Monday, July 5, 2021

This Isn't Cardinal Bernardin's Catholic Church

Somehow I ran into a piece in the National Review on the Catholic bishops' vote to draft a teaching document on eucharistic coherence, generally assumed to define the eligibility to receive communion for politicians who support policies that go against Church teaching. I had only time to scan it before a popup arrived to tell me I had to subscribe to read more.

Like the Wall Street Journal, NR now wants me to pay for nothing. The last time I spent much time at that site was around 1998, when they still ran Mark Steyn, and Jonah Goldberg had a sense of humor. Anyhow, the point of the piece they wanted me to pay for was that the USCCB did nothing but debate and talk, and we couldn't expect much from the Catholic bishops. I can't quote from it, because they won't let me go back to the piece.

NR is generslly locked in a time warp. Under Buckley, it was a nominally Catholic publication, though as I reflect on things, Buckley himself was a Catholic for the 1960s, which is to say he was as much a Kennedy Catholic, a Bernardin Catholic, as anything else, just as he was a big-government, CIA Republican. But that kind of Catholic is a fading period piece, and NR isn't really even that kind of Catholic any longer. Of Cardinal Bernardin and the UISCCB, George Weigel wrote in 2011,

For the Bernardin Era and the style of governance characteristic of Bernardin Machine bishops were deeply influenced by the Roman-brokered “Truce of 1968,” an ill-fated attempt to settle the disciplinary situation in the Archdiocese of Washington, where dissent from Humanae Vitae was widespread and public. Whatever the Vatican’s intentions vis-a-vis the difficult situation in Washington, what was learned from the truce were two lessons that would shape an entire era of U.S. Catholic history. The first lesson was that the Holy See would retreat from rigorously enforcing doctrinal discipline if it could be persuaded of the danger of schism. The second lesson was that American bishops were ill advised to go out on a public limb in defense of Catholic teaching (as Patrick Cardinal O’Boyle of Washington had done by disciplining priests who had publicly rejected Humanae Vitae), for that could result in the Holy See sawing off the limb and leaving the bishop in question in a bad way.

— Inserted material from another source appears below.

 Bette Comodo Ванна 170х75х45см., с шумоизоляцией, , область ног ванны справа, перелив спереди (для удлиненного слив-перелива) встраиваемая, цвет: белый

Bernardin, as Weigel sees him, was an intensely political animal who was focused on making Catholics politically appealing in a post-Kennedy environment. But the US bishops of 2021 are no less political, as indeed is Abp Gómez, who now occupies Bernardin's one time position as head of the USCCB. But times, and politics, have changed. Last week I quoted from Abp Cordileone's preface to his challenge to the Catholic Democrats, with its strong implication that the Democrats have moved away from Catholics. Only days later, Bp Barron, who by the way works for Abp Gómez and is now the most prominent Catholic spokesman in the US, wrote in the New York Post,

I’m the son of a dyed-in-the-wool Chicago Catholic Democrat. My father, whose family was very involved in city politics, would sooner have become a Lutheran than vote Republican. But my trouble with modern Democrats, I explained, has to do with abortion policy, where the party has lately staked out an especially extreme position.

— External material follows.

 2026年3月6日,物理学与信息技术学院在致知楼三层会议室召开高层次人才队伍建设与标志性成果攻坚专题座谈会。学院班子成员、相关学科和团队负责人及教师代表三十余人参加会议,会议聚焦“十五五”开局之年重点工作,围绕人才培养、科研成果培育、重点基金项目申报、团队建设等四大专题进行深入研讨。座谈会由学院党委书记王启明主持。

The Church must operate, as it always must, in a political environment, something Cdl Bernardin clearly recognized. But the trouble is that politics have changed, something the US bishops are waking up to. The Catholic Church is on the side of the poor and vulnerable, which is where the US Democrats used to be, at least through the Kennedys and Lyndon Johnson, and even arguably Bill Clinton. But more recently, the Democrats have lost workers and legal immigrants, and their politics now reflect an alliance between wealthy elites and the Lumpenproletariat, which includes the criminal class that preys almost exclusively on the poor.

Indeed, our own pastor in yesterday's homily that dwelt in part on the meaning of the Fourth, was careful to avoid conventional political alignment, but behind his remarks was a clear concern that leftist California policies toward the homeless were, whatever their expressed object, not working on behalf of either the homeless or the poor.

I think there's a real shift in alignment taking place in the Catholic Church, just as there's a shift taking place among Republicans. I'm not sure Cdl Bernardin would necessarily object on the Catholic side.